* EXERCISE GOAL *
Could you give back every entry below exactly, with the pictures dropped?

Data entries
_ _ _ _ _
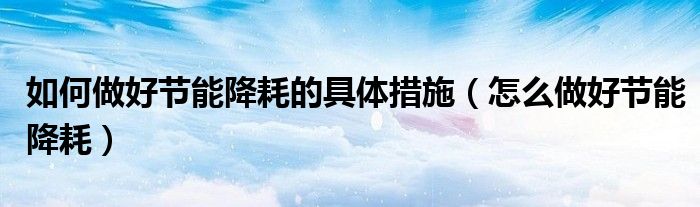 如何做好节能降耗的具体措施(怎么做好节能降耗)
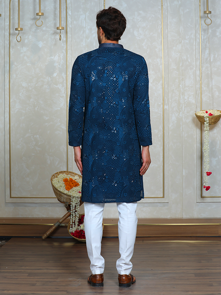 - Elements: Embroidered Long Kurta with Sequins Work and Regular Fit Trousers.
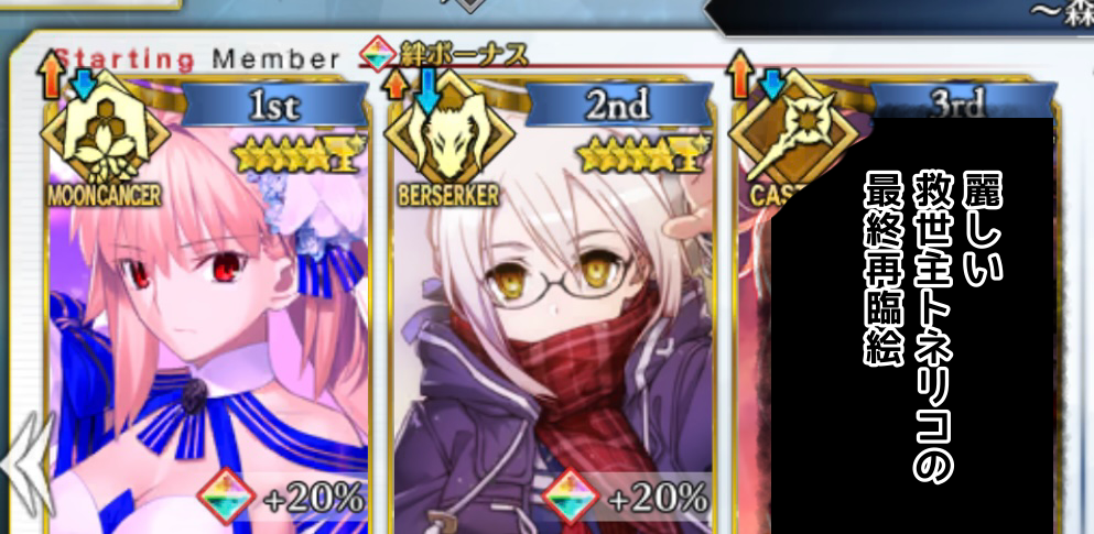 まあセイバー、というか妖精騎士たちに有利取れるクラスではあった……立て乙。コロコロクラス変わるからアルターエゴみたいな感じになると思ったんだ。まさかあんな事になるとは。
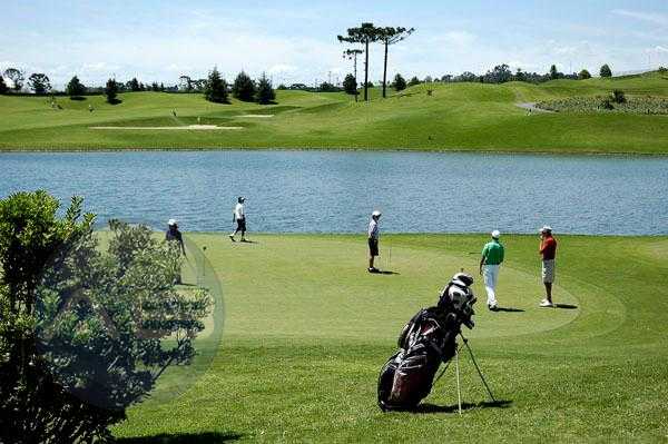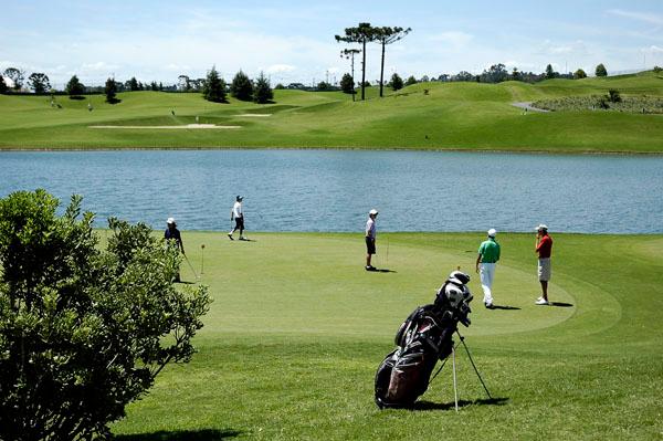 Campo de golfe profissional com 18 buracos, considerado um dos melhores do Brasil
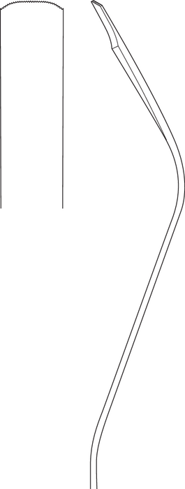 Retractor, acc. to Ishi, figure 3, working end width 14.5 mm, retractor blade thickness 1.25 mm, retractor blade thickness front 0.4 mm, total length 24 cm
_ _ _ _ _
* REPLY *
 如何做好节能降耗的具体措施(怎么做好节能降耗)
 - Elements: Embroidered Long Kurta with Sequins Work and Regular Fit Trousers.
 まあセイバー、というか妖精騎士たちに有利取れるクラスではあった……立て乙。コロコロクラス変わるからアルターエゴみたいな感じになると思ったんだ。まさかあんな事になるとは。
 Campo de golfe profissional com 18 buracos, considerado um dos melhores do Brasil
 Retractor, acc. to Ishi, figure 3, working end width 14.5 mm, retractor blade thickness 1.25 mm, retractor blade thickness front 0.4 mm, total length 24 cm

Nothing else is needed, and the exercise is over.